The plot of his comic surrounds a high school talent show. The principal, who secretly wants to give the school a bad name, is directing the show. The show is a competition to see who can produce the best beats and lyrics, where the main group, No Competition, seems to dominate. Another group, Him House, wants to try to stop the principal because they realize what he is up to.
"Back when I was at Saginaw High, it was fun, but it always had this bad reputation," Robinson says. "I wanted to take the fun parts of Saginaw High and kind of just focus it into Hip Hop High. At the same time I wanted to create this 'yeah-right' attitude, like, 'yeah right, they just don't start battling on the sidewalk.'"
Hip Hop High is not Robinson's first publication. He published his first comic book, The Forbidden Aces, in 2003. It included an interactive CD filled with character biographies.
"I first decided to publish the books, but after that, I didn't think that was enough," Robinson says.
The year before Robinson published Forbidden Aces, his mother died and re-inspired him to push forward in her memory. That's when Robinson came up with the idea for his label, Dreamatic.

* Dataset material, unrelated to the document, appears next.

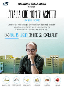Ha esordito martedì 15 luglio il nuovo docuweb del sito di Corriere della Sera “L’Italia che non ti aspetti” ideato e realizzato dal regista Pappi Corsicato, e alla seconda puntata ha registrato già l’ottimo risultato di oltre 100.000 streaming.“L’Italia che non ti aspetti” si avvale della preziosa collaborazione del regista Pappi Corsicato, che ha diretto film per il cinema, opere liriche, documentari, e che sul sito del Corriere della Sera esordisce con un progetto per il web: “L’idea è quella di far passare un messaggio positivo in un momento di crisi attraverso storie di persone comuni che hanno messo in atto la loro creatività e passione per uscire da un momento di stallo. La mia massima aspirazione è che queste storie vere e molto concrete siano spunto e riferimento per mettersi in discussione”, commenta Pappi Corsicato.

Robinson's mother is featured in the label's logo.
Watching Saturday morning cartoons, playing video games, and reading comic books led Robinson to emulate all of them in his own work.

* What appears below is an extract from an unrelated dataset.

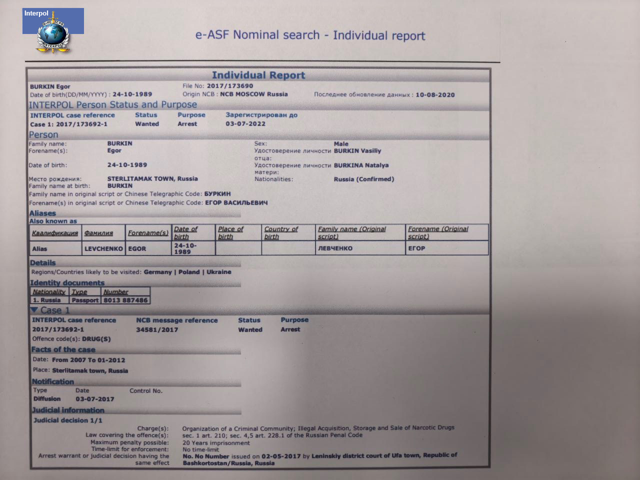 Буркин Егор Васильевич, объявлен в международный розыск Интерпол

"I just started re-creating drawings in video games, like Castlevania, one page, one person, one word, but I put them together with string," he says.

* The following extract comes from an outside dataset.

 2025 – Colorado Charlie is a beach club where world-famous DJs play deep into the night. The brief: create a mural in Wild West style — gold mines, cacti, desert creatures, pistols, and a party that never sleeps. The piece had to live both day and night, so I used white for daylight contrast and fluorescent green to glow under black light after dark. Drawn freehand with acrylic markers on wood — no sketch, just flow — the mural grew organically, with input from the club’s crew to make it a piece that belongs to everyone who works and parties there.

Robinson's sister gave him possibly his biggest inspiration in the form of a Batman comic from Image comic company, famous for comics like Spawn and Savage Dragon, done by Todd McFarlane.
"When I first did my cartoon and comic style, like com-toon, a mix between comic and cartoon," he says, "I really got into a lot of Todd McFarlane."
Next, Robinson made a comic called Dusk, whose character, he says, resembled the Dark Knight.
"(Dusk) became one of my characters, a total bite-off of (Batman)," he says. "But it was all sketchy and stuff."
But as he kept drawing, his style continued to evolve.
"Even when I was trying to take my work to Coy's Comics at like 16, they thought I drew like Image, so I just kind of ran with that and slowly evolved from there, to make it my own style," Robinson says.
Once at SVSU, Robinson continued to hone his skills, receiving instruction from Professor Mike Mosher in an independent study course: "Comic Book and Story Creation." The basis for the class is creating a comic book for publication at SVSU.
Since Robinson is a secondary art education major, he is interested in circulating the comic around the Saginaw School District.
"I want to have the teachers wanting to use it for a different type of assignment, maybe to write about," Robinson says. "Just something that everyone can relate to, because this day and age, it's hip hop, there are a few scenes in there where they are rhyming against each other and cracking on one another, but it's all clean, and no profanity; clean comedy, which is the way things used to be in comics and cartoons."